Two of his more memorable remarks were:

“If I had to, I could get infants down this river.”

And. . . 

“That turd’s gonna shoot on through. . .”

The former came during a media interview when, in his inimitable way, he was explaining the confidence required to succeed in guiding a commercial raft.  Enough to declare that you could take infants if needed.

The latter comment was uttered as he and I watched a raft dive over a falls on an impressively high water trip in May.  I had my reservations and fears as I watched the boat lock in to the slipstream above the cascade, but Dallas was as confident as a blackjack dealer who knows exactly how the odds are stacked.

Dallas and I have always had a complicated and competitive relationship whether it be drinking games, horseshoes or esoteric topics.  He was never one to blindly kowtow to my authority, and I have often listened to, if not harkened, his sage, and ample, advice.  

We’ve watched one another’s backs on many occasions on river banks around the western United States. 

We’ve howled at the moon and rebel yelled loud enough to disturb the dead. 

But the story I like to tell about him happened on the Grand Canyon.

It had been a long day on the water and - for once - I was not the group leader.  But, the downside was, I was not in charge of determining the itinerary.  It turned in to a day where we pushed further downstream than I was comfortable and, as the afternoon acquiesced to twilight, I was not in any humor for shenanigans when we reached camp.

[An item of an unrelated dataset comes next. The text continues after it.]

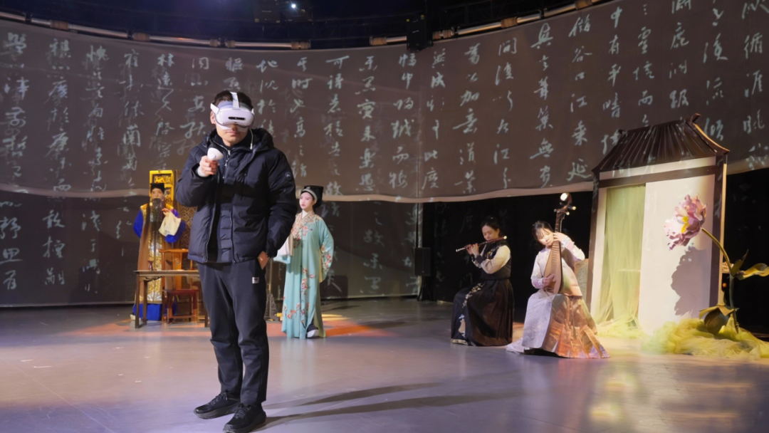 创作灵感源于对非遗 “活态传承” 的深度思考。看到昆曲等传统戏曲类非遗多剧院演出,年轻群体鲜少去剧院看戏曲,而数字技术正为文化传播开辟新路径,便萌生了 “科技转译经典” 的想法。结合全国两会上 “AI 赋能非遗” 的热议方向,以及专项课题:国家社会科学基金项目“公众参与文化遗产保护机制与路径研究”。团队决定聚焦昆曲经典《牡丹亭》的当代转译,以XR 技术构建虚实交融的戏曲叙事空间,打破传统戏剧文创仅聚焦视觉元素的局限,将唱腔韵律、表演身段等核心魅力通过XR 技术转化为可交互体验,让观众从 “旁观者” 变为 “参与者”,真正实现传统艺术与当代生活的连接。约30 分钟的探索时间里,观众将跨越时空,从汤显祖家的厅堂到人头攒动的茶楼、戏园,从名角儿拜码头的天蟾到北大燕园,从江南园林到最美昌林,场景的流变正是昆曲发展百年的生动缩影。

It was my group’s cook day.  As it so happens, Dallas and I were partners, along with Ally, in a three member chore group.  We were midway through the Canyon and, so far, Dallas’ primary contribution to our crew on the days we cooked was to bar tend.  Which - ordinarily - was wonderful.

He was noted for never skimping when it came to the quality of alcohol.  Nor the quantity for that matter.  

(Another one of his favorite expressions:  “Twenty four beers in a case.  Twenty four hours in a day.  It can’t be a coincidence.”)

I hit the beach that evening exclaiming to anyone in earshot, “I’m going to be useless!”  Meaning I was prepared to do some drinking.

But, as the cooking commenced, some god-awful barley concoction, it became clear that if I wanted to be ‘useless’, Dallas needed, for Ally’s sake, to be somewhat useful.  

He had already begun his bartending routine.

That’s when I pulled him aside and told him in no uncertain terms, “Heavy D, I love you like a brother.  But if you don’t chop some onions, I’m going to heave you into the river.”

Incredibly enough, he took it to heart.  The meal still sucked.  But we had a swell time creating it.